The Capital Food & Wine Festival in Lacey is an annual 501(c)(3) fundraiser for Saint Martin's University Alumni Association and its academic scholarship fund. It features more than 100 Washington wines, beer from regional breweries, food from a baker's dozen vendors, and music performed live on three stages. This year's featured event is a "People's Choice Casino Challenge" that tosses chefs from Lucky Eagle and Red Wind casinos into the culinary Octagon. Whose cuisine shall reign supreme? In the grammatically incorrect exhortation of Iron Chef's Chairman Kaga, "Allez cuisine!"

Perhaps you feel that sounds overheated, no kitchen pun intended. Au contraire, fellow skeptics. The elbow-to-elbow crowd each year pays tribute to a cornucopia of savory delights. We get stoked for an afternoon that promises good eats from Falls Terrace Restaurant, Ricardo's, Southbay Dickerson's BBQ and 10 other points in between.

This event is open to everyone (no strollers, please). Each adult receives a beer mug or wine glass with his or her ticket, then buys scrip for food and beverages. These can also be purchased in advance at CapitalFoodAndWineFestival.com.

Al Eckroth, director of the first and second festivals, describes the event as "a huge annual block party, where neighbors and friends unite in a spirit of community."

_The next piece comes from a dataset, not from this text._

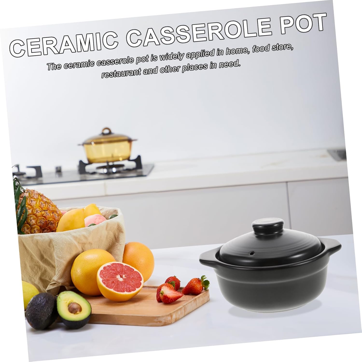 Package List 1 x Ceramic Cooking Pot with Lid Characteristics -Size: 22.00X18.50X13.00cm/8.65X7.27X5.11in ceramic pots -Material:Ceramic casserole -Color:Black stew cooker ceramic stew pot -Capacity: 1.26L simmering pot - The pot has simple outlook and practical design, which is multifunctional for home to use kitchen casserole. - Suitable for garden party, food party, family gathering, friends gathering, or just daily cooking pot. - There are many uses, such as cooking noodles, soup rice, braised chicken, braised pork, and so on kitchen soup pot. - The cooking pot is a good for your family and friends who like cooking, and they will like it household stew pot. - Non-stick design and smooth surface, easy to clean and operate. The double ears can prevent you from being scalded home ceramic casserole.Goods Informationkitchen stew pot It can be placed directly on the gas stove to stew food.kitchenware The multi-functional pot is made from ceramic material with non-stick function, and it is easy to clean.ceramic casserole pot Useful kitchen cooking tool that can be used for braised chicken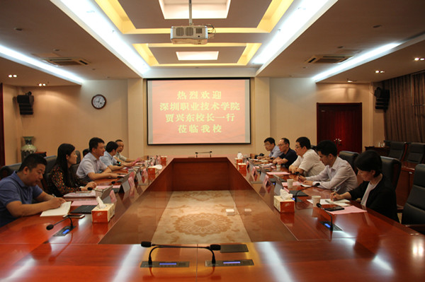 5月29日,深圳职业技术学院贾兴东校长率领相关部门负责同志来华体会官方版网站登录入口进行工作交流。华体会官方版网站登录入口谢永华校长、党政办、教务处、科技处、资产处等部门负责同志接待了来宾。

Vintners on hand include Hoodsport, Scatter Creek and Walter Dacon Wines. For connoisseurs, the festival offers "RJ's Premium Cellar" in memory of Randi Johnson, a Saint Martin's alumna who helped initiate the festival in 1989. If you're dying to get your lips around that plummy, voluptuous cabernet sauvignon bottled by Va Piano at its DuBrul Vineyard, now's your chance - though you may wish to purchase a bottle instead. The 2012 reaches its full potential next year. Look how classy you are!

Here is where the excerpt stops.